Em junho de 1965, com as guias de marcha na mão, dirigimo-nos ao QG, onde nos apresentámos. E depois, como de costume, fui logo até ao parque das viaturas, onde os condutores passavam o dia todo.
Para já, uma boa novidade. Ia passar a receber mais 150 escudos por mês, o que, na altura, dava para algumas coisas. Foi-me distribuída uma GMC, uma camioneta com 10 rodas.
Em Agosto, entrei na secretaria e encontrei o 1º sargento a lançar uns números num papel.
– Meu primeiro, para que são esses números?
Assim fiz, voltei com a notícia para o parque.
Chegado o dia da partida, encontrámo-nos no cais para embarcarmos às 09h00, rumo a Bolama. Quando acabámos de nos concentrar, éramos cerca de cinquenta e tal soldados, vindos de todas as partes da Guiné, alguns meus conhecidos.
Mal chegámos a Bolama fomos fazer a apresentação ao 1º sargento que nos levou à arrecadação e nos distribuiu lençóis e cobertores. Ficámos numa caserna com 60 e tal camas e essa tarde foi para fazermos as camas, as limpezas e para arrumarmos tudo o que havia para arrumar.
No dia seguinte começou a escola. Decorreu tudo bem, desde o primeiro ao último dia. Tivemos um teste de trinta e três perguntas para dar a resposta em 60 minutos. À frente de cada pergunta havia três respostas escritas, duas eram falsas e uma era verdadeira. Bastava fazer uma cruz onde achava que era a certa. Começámos às nove para acabarmos às dez.
O alferes instrutor, no fim do teste, disse-nos:
– Agora vocês vão-se preparar para regressar ainda hoje. Os resultados vão para as vossas companhias.
Uns colegas não queriam regressar sem saber os resultados. Eu era contra, mas a maioria queria mesmo saber. Então o alferes convocou os sargentos para o ajudarem a corrigir.

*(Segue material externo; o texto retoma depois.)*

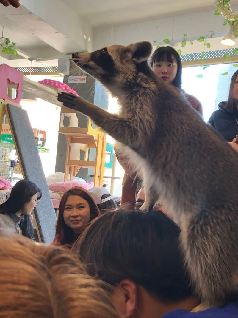 We loved the cat café so much, after breakfast we visited a different animal café that had meerkats, raccoons, wallabies and more! Caroline said this was a must-see, and she was right! The main attraction was a walled-in area, where meerkats could climb all over you.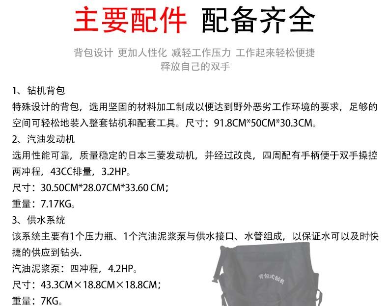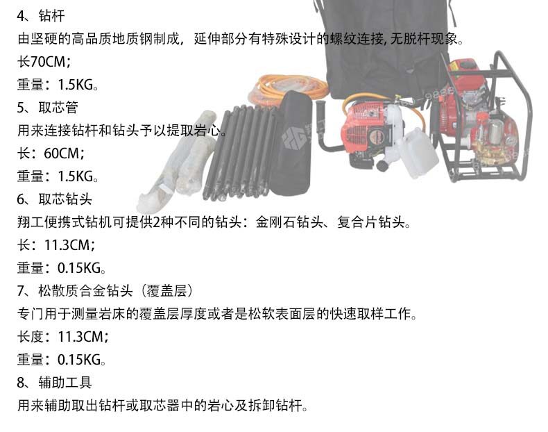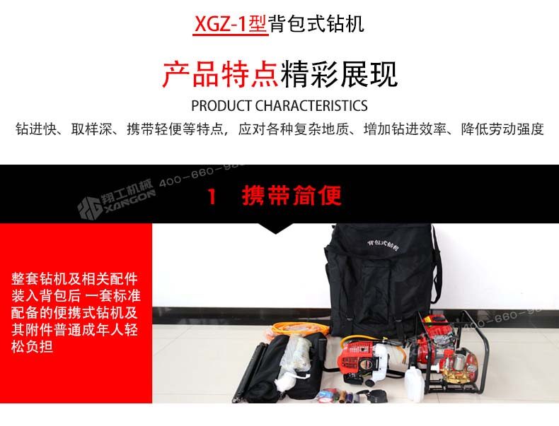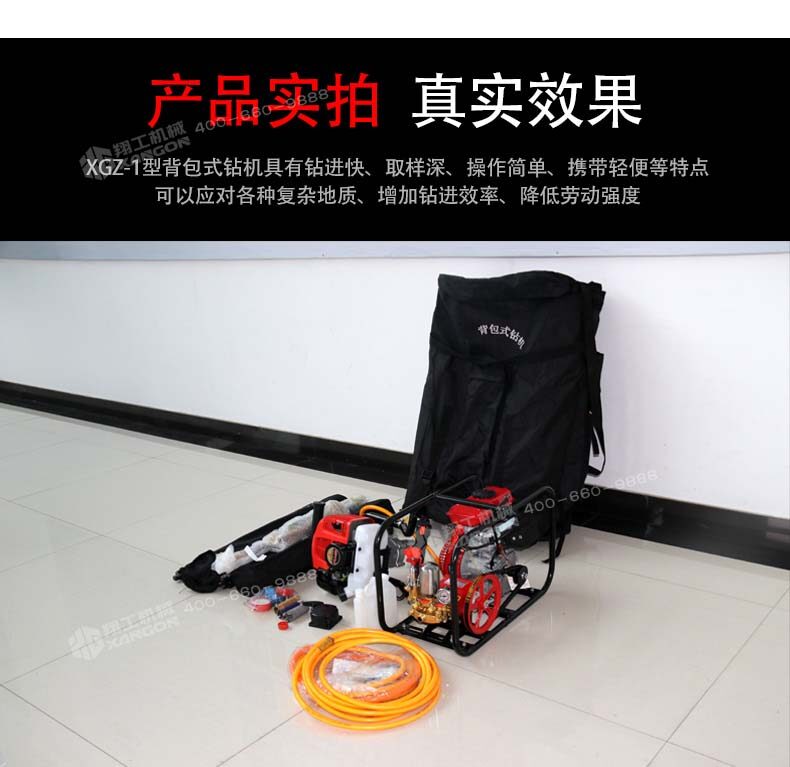 XGZ-1型背包式鉆機具有鉆進快、取樣深、操作簡單、攜帶輕便等特點,可以應對各種復雜地質、增加鉆進效率、降低勞動強度,適用于高山、野外等交通不便的地形、勘探、石油勘測、礦物考察、建筑取樣、爆裂鉆孔等工作,可以卓效的替代中型巖芯鉆機的淺層巖芯取樣勘探工作。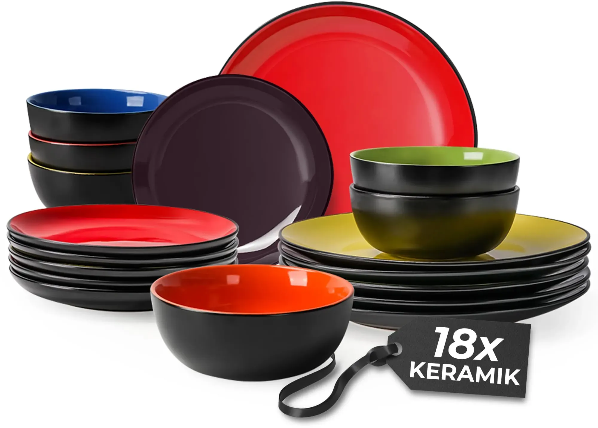 Gesamtsortiment Wohnen Geschirr + Bar Geschirr Geschirrset Geschirr & Besteck - EAN:8424002028725 - Das Sushi-Set von DKD Home Decor vereint Funktionalität und ästhetisches Design in einem ansprechenden Paket. Mit einem orientalischen Mandala-Muster und einer bunten Farbgestaltung bringt dieses Set einen Hauch von Exotik in Ihre Küche. Es besteht aus 16 Teilen, die ideal für Sushi-Liebhaber sind und sich perfekt für gesellige Abende oder besondere Anlässe eignen. Die Verwendung von Steingut und Bambus sorgt nicht nur für eine ansprechende Optik, sondern auch für Langlebigkeit und einfache Handhabung. Das Set ist spülmaschinenfest und mikrowellengeeignet, was die Reinigung und Nutzung erleichtert. Es ist für alle Küchentypen geeignet, mit Ausnahme von Induktionsherden, und bietet somit Vielseitigkeit in der Anwendung. Dieses Sushi-Set ist eine hervorragende Wahl für alle, die Wert auf stilvolles Geschirr legen und gleichzeitig praktische Lösungen für den Alltag suchen. - Orientalisches Mandala-Design für eine ansprechende Ästhetik - Geeignet für alle Küchentypen ausser Induktionsküchen - Spülmaschinen- und mikrowellenfest für einfache Reinigung und Nutzung - Hergestellt aus langlebigem Steingut und Bambus. - gefunden von Kelkoo Ein erschwingliches 18-teiliges Geschirrset für 6 Personen, das kratzfest, ofen-, spülmaschinen- und mikrowellenfest ist. ![]() ![]()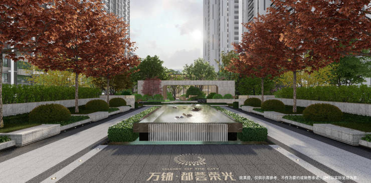 【中轴迎宾水景 移步异景的归家体验】中轴水景两旁,美国红枫阵列排开,水光熠熠,树影斑驳;透景景墙与雕塑相应成趣,营造步移景异的归家体验。

Eu fui arrumar as minhas coisas e disse aos companheiros que nos encontrávamos no cais. Estava na caserna a arrumar tudo, quando entrou o Alberto, a correr, a chamar-me:
– Amadu, Amadu, o alferes está a chamar pelo teu nome.
E eu:
– Qual alferes?
– O instrutor, Amadu!
Saí a correr com a bagagem na mão e, quando cheguei à porta, entreguei-a a um companheiro e pedi licença para entrar.
Todos se levantaram, apertaram-me a mão e o alferes comunicou-me que eu tinha sido o primeiro classificado e que, se houvesse CSM - Curso de Sargentos Milicanios eu passava para este curso.
Agradeci, e quando saí alguns perguntaram a razão de me terem chamado.
– Todos passaram, ninguém chumbou!
Eu a acabar de dizer isto e o alferes apareceu com uma carta na mão a chamar pelos nomes com a respectiva classificação.
– Amadu, vinte!
Todos me abraçaram, estavam vários rapazes de Bafatá, a minha cidade, todo o pessoal estava contente. Fomos logo a correr direitos ao cais para tomarmos o barco para Bissau.
No dia seguinte, depois da nossa apresentação na CCS do QG, recomeçámos o nosso serviço diário, até ao dia 1 de Janeiro de 1966. Fomos promovidos a 1º cabos e no dia 2 de Janeiro apresentei-me como 1º cabo condutor.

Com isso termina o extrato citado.